- **Provided information**:
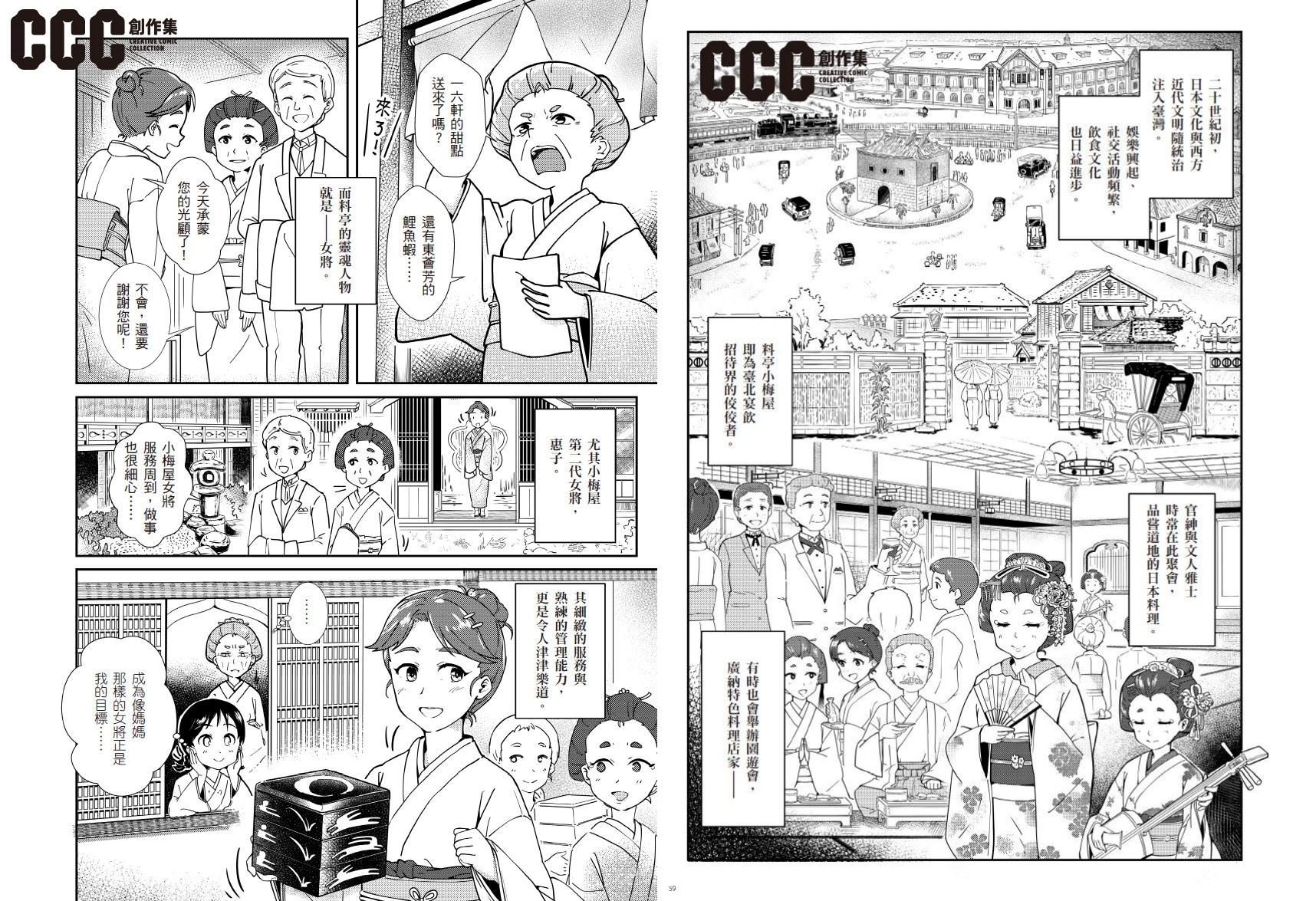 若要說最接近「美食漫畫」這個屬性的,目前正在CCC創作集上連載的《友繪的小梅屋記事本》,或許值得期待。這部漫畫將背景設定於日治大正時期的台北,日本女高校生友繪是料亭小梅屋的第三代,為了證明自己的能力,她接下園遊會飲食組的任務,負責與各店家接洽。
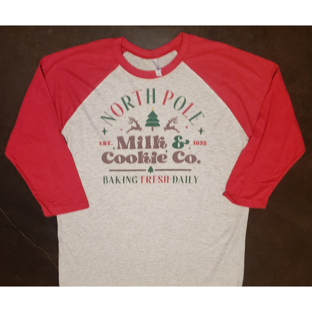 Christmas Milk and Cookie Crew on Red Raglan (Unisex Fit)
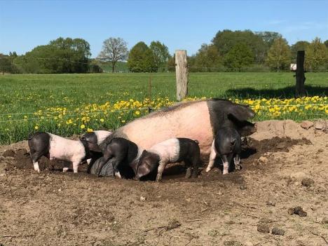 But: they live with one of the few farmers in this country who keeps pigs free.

==

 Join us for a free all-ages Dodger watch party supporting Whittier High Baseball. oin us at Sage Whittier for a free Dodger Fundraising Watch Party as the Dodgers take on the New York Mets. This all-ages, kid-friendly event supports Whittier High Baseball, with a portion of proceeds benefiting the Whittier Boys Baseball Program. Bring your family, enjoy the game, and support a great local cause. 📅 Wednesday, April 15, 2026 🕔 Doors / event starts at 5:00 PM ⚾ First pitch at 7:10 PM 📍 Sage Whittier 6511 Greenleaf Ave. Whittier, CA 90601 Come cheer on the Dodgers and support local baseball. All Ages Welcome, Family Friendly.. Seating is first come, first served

...

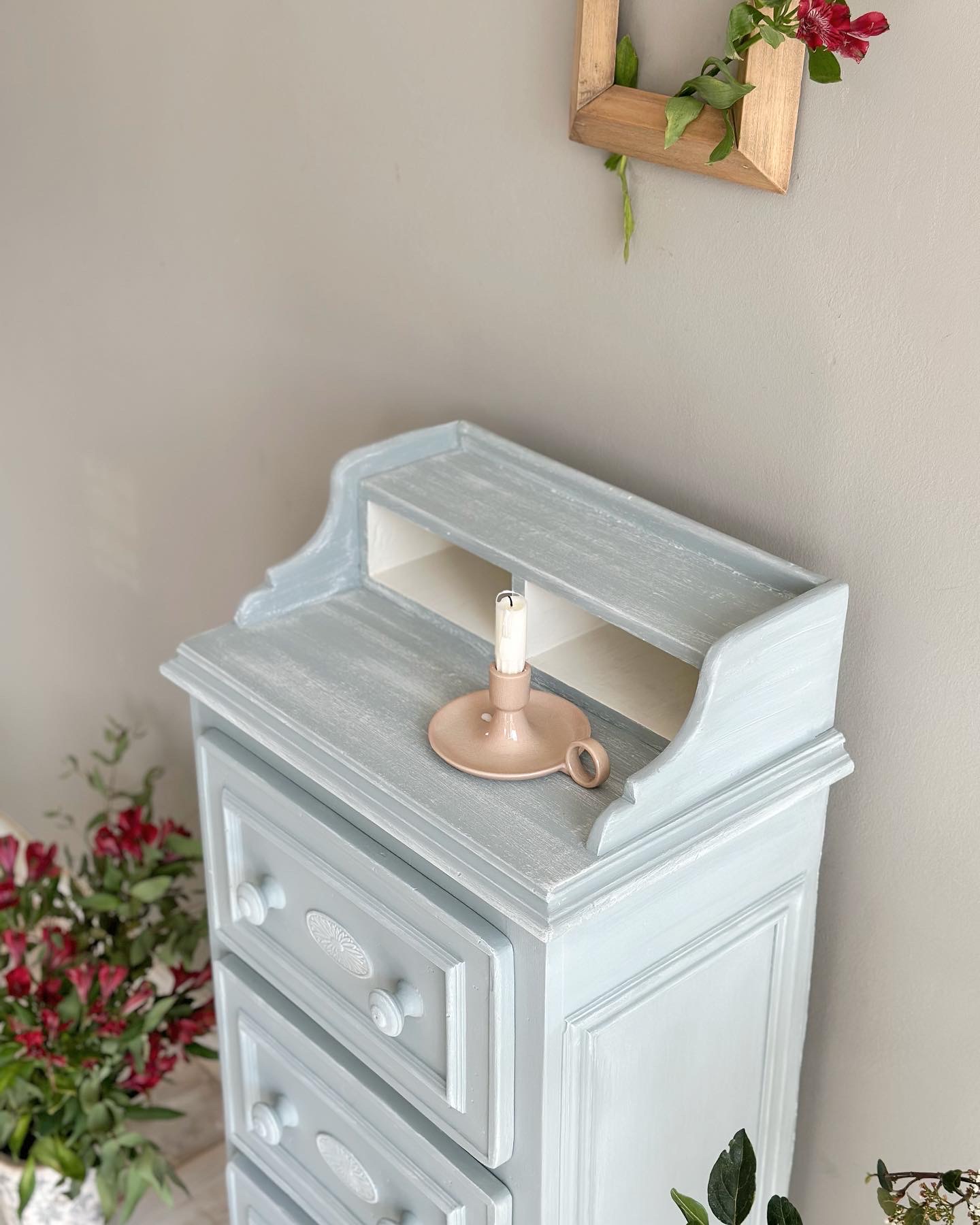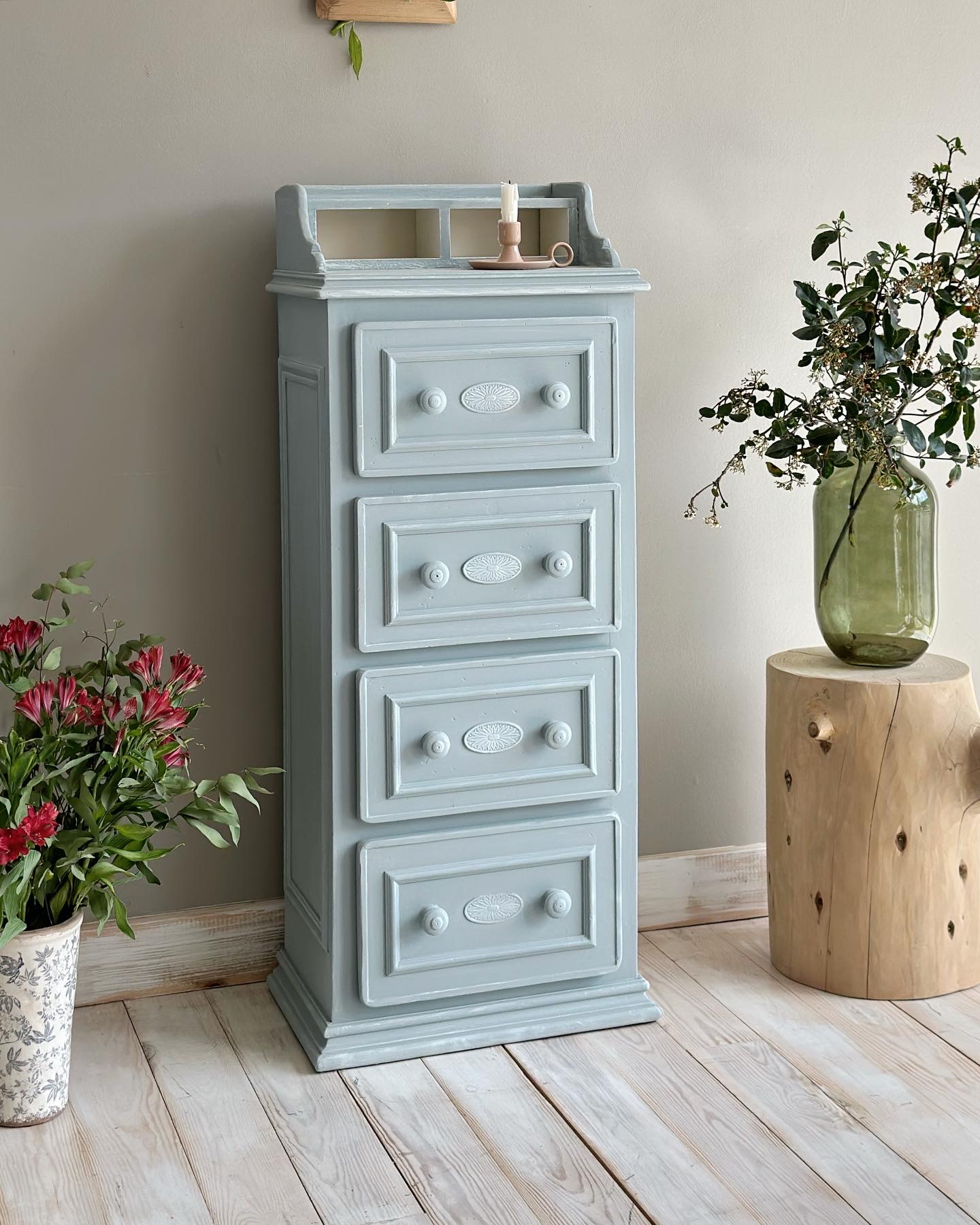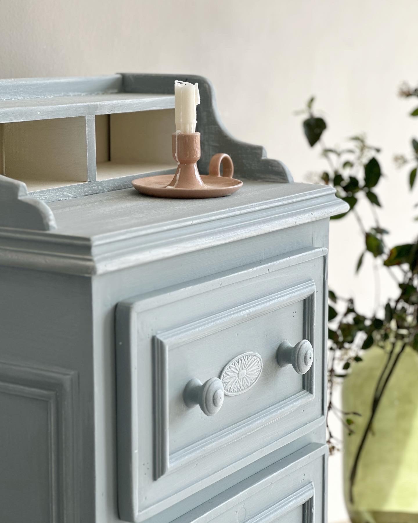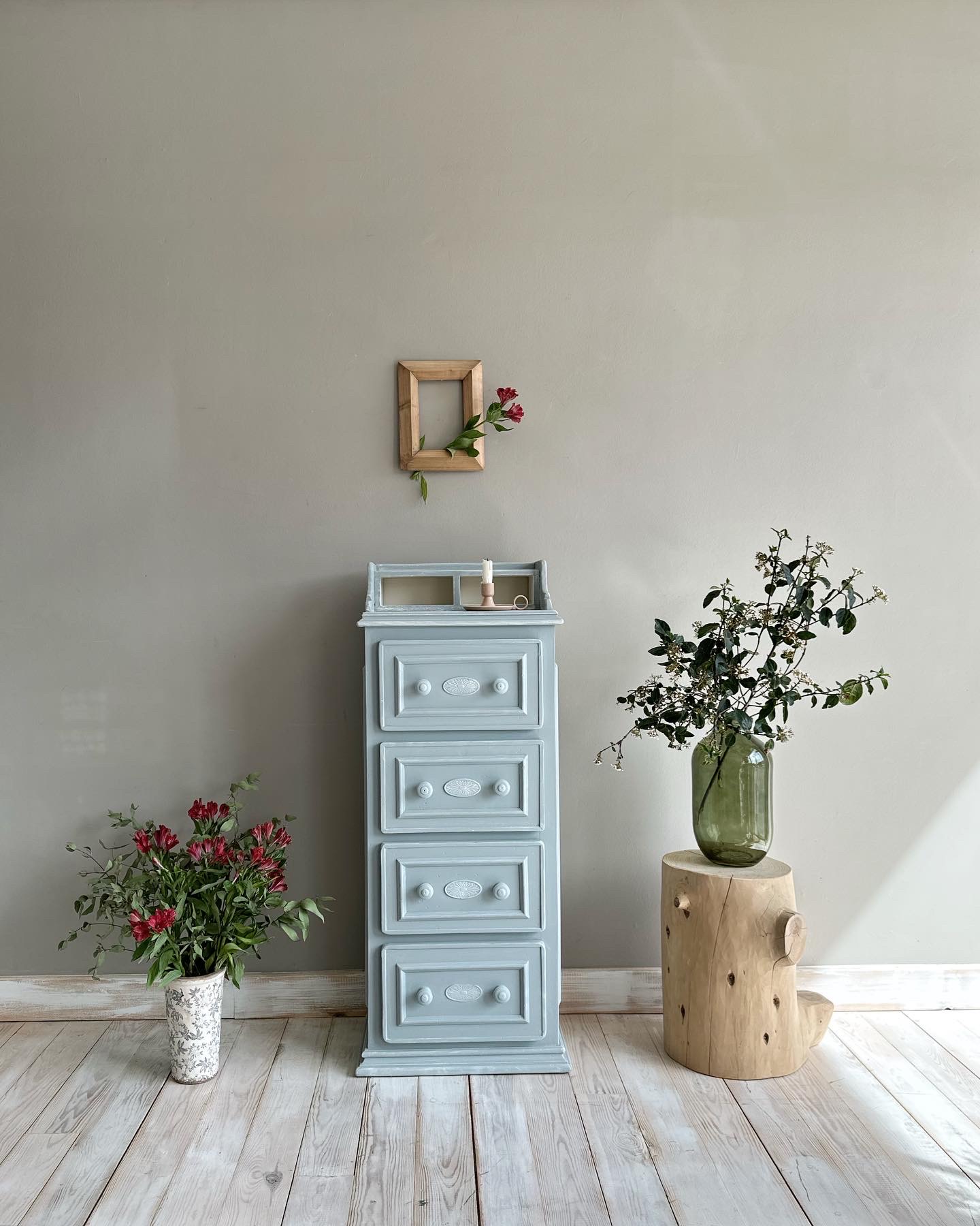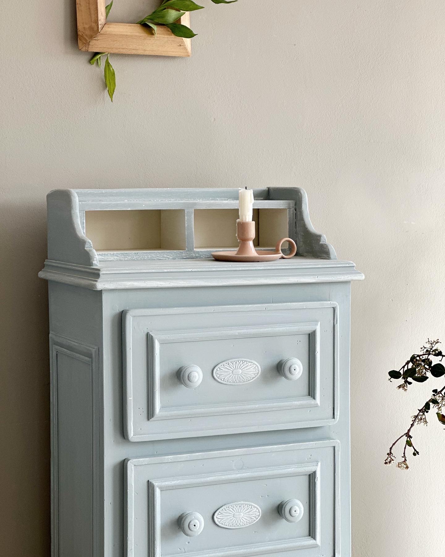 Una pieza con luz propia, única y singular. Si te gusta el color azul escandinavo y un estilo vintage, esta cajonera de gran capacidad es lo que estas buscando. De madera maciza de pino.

- **What is required**: For this exercise, transcribe exactly the part of the records above that opens with the line containing "若要說最接近「美食漫畫」這個" and closes with the one containing "But: they live". Pictures are not part of the copy.

- **Answer for the task**:
 若要說最接近「美食漫畫」這個屬性的,目前正在CCC創作集上連載的《友繪的小梅屋記事本》,或許值得期待。這部漫畫將背景設定於日治大正時期的台北,日本女高校生友繪是料亭小梅屋的第三代,為了證明自己的能力,她接下園遊會飲食組的任務,負責與各店家接洽。
 Christmas Milk and Cookie Crew on Red Raglan (Unisex Fit)
 But: they live with one of the few farmers in this country who keeps pigs free.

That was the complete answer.